Le parti sociali da tempo chiedono ai governi nazionale e regionale una programmazione per il settore del call center che nell’Isola occupa complessivamente 20mila persone. Un’attenzione che passa anche da un investimento sulla formazione del personale. Ieri le parti sociali hanno incontrato il sindaco Leoluca Orlando e l’assessore alle Attività produttive, Giovanna Marano. Un vertice che Slc Cgil, Fistel Cisl, Uilcom e Ugl Palermo definiscono «proficuo» e durante il quale i sindacati sono tornati a chiedere «un incontro urgente al presidente della Regione, agli assessori regionali alle Attività produttive e al Lavoro, ai sindaci di Palermo e Catania e al management di Almaviva Contact per risolvere definitivamente la grave situazione che mette a rischio migliaia di lavoratori». Il colosso dei call center, che è la prima azienda in città in termini di dipendenti da tempo, spiegano le parti sociali, lamenta «uno stato di crisi legato, oltre che alle complesse condizioni del mercato, soprattutto all’assenza di regole certe che garantiscano l’equilibrio industriale, la legalità, la trasparenza delle gare d’appalto, mettendo le aziende sane al riparo dalla piaga del dumping e della delocalizzazione».

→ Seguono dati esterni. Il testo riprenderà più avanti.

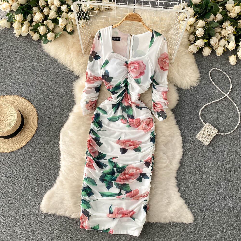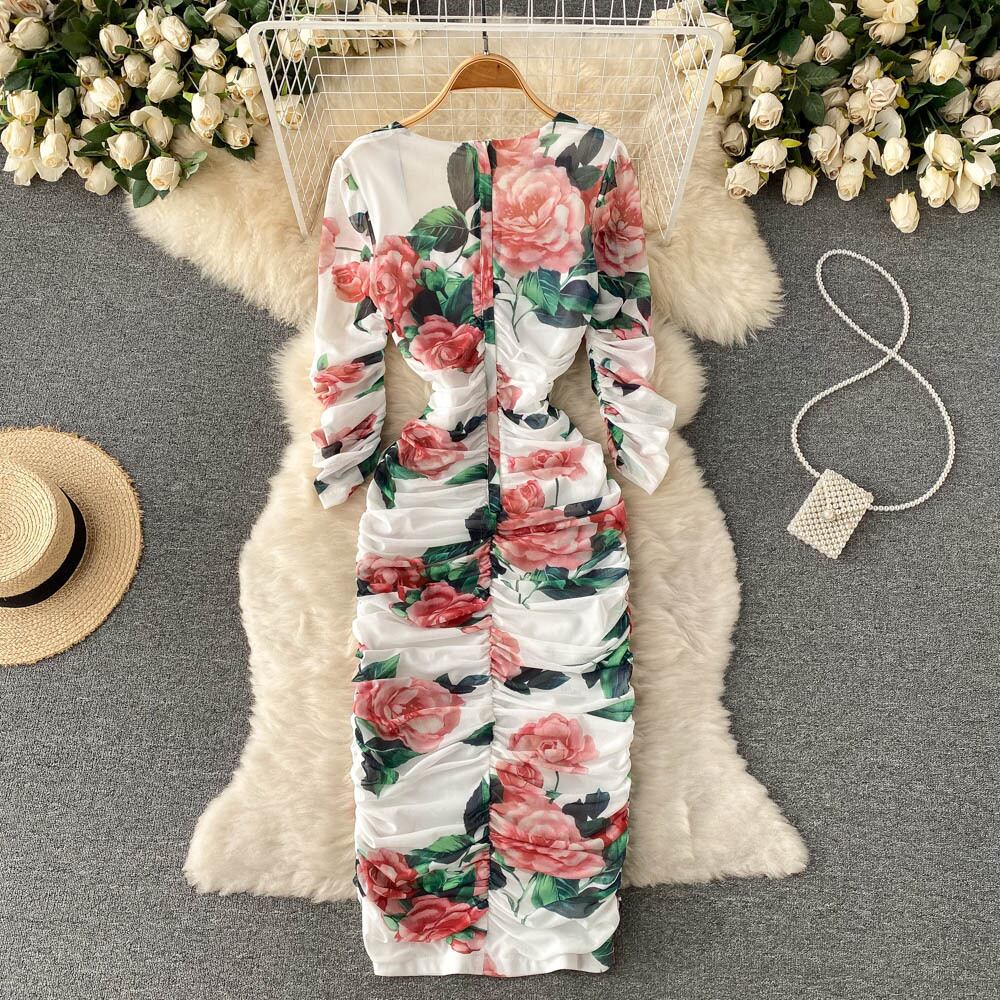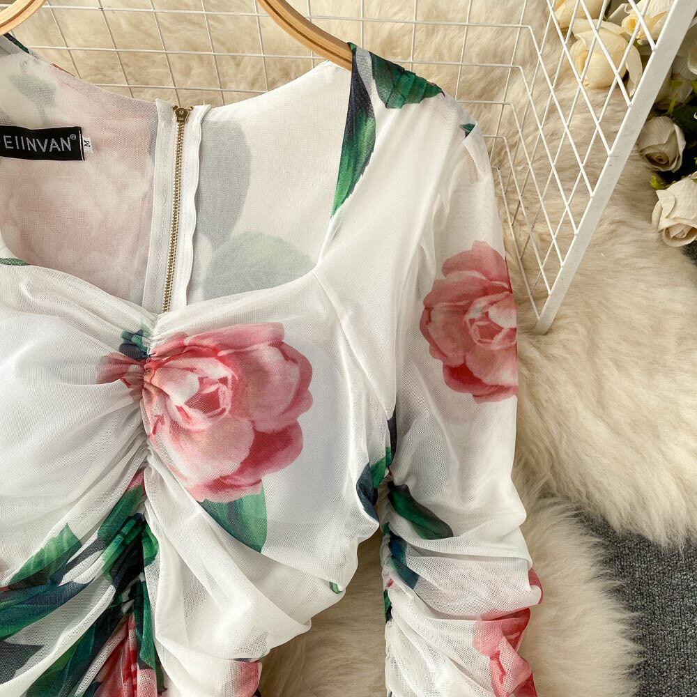 Light mature women's clothing waist bag hip rose print catwalk mid-length dress temperament is thin and elegant mesh skirt エレガント メッシュ スカート lyxaj10983951656

Cgil, Cisl, Uil e Ugl rivendicano «un atteggiamento che ha permesso di costruire azioni concrete che, fino ad oggi, hanno consentito di mantenere tutti i lavoratori all’interno del perimetro occupazionale». Un senso di responsabilità che li ha portati ad accettare i contratti di solidarietà, «dimostrazione palese di una volontà che ricerca continuità di occupazione, radicamento sul territorio e sviluppo aziendale». Oggi, però, restano alte la tensione e la preoccupazione tra i dipendenti, che vedono il loro futuro occupazionale sempre più in bilico. Da qui la richiesta delle parti sociali di «un rapporto più simbiotico tra istituzioni politiche, azienda e sindacato per mettere in campo tutte quelle azioni che possano dare certezze ai lavoratori: un concreto piano industriale, formazione volta alla riqualificazione del personale, nuova organizzazione del lavoro, nuova visione del portafoglio clienti e regole certe». Davanti a queste richieste, concludono Slc Cgil, Fistel Cisl, Uilcom e Ugl Palermo, «la Regione resta immobile. Il Governo Crocetta non ha battuto un colpo e quello che si prefigura è un vero e proprio dramma sociale. Con l’approvazione della clausola sociale nella riforma del Codice degli appalti siamo a metà del guado. Adesso, però, serve l’impegno di tutti. A partire dalla Regione e dal Governo Renzi».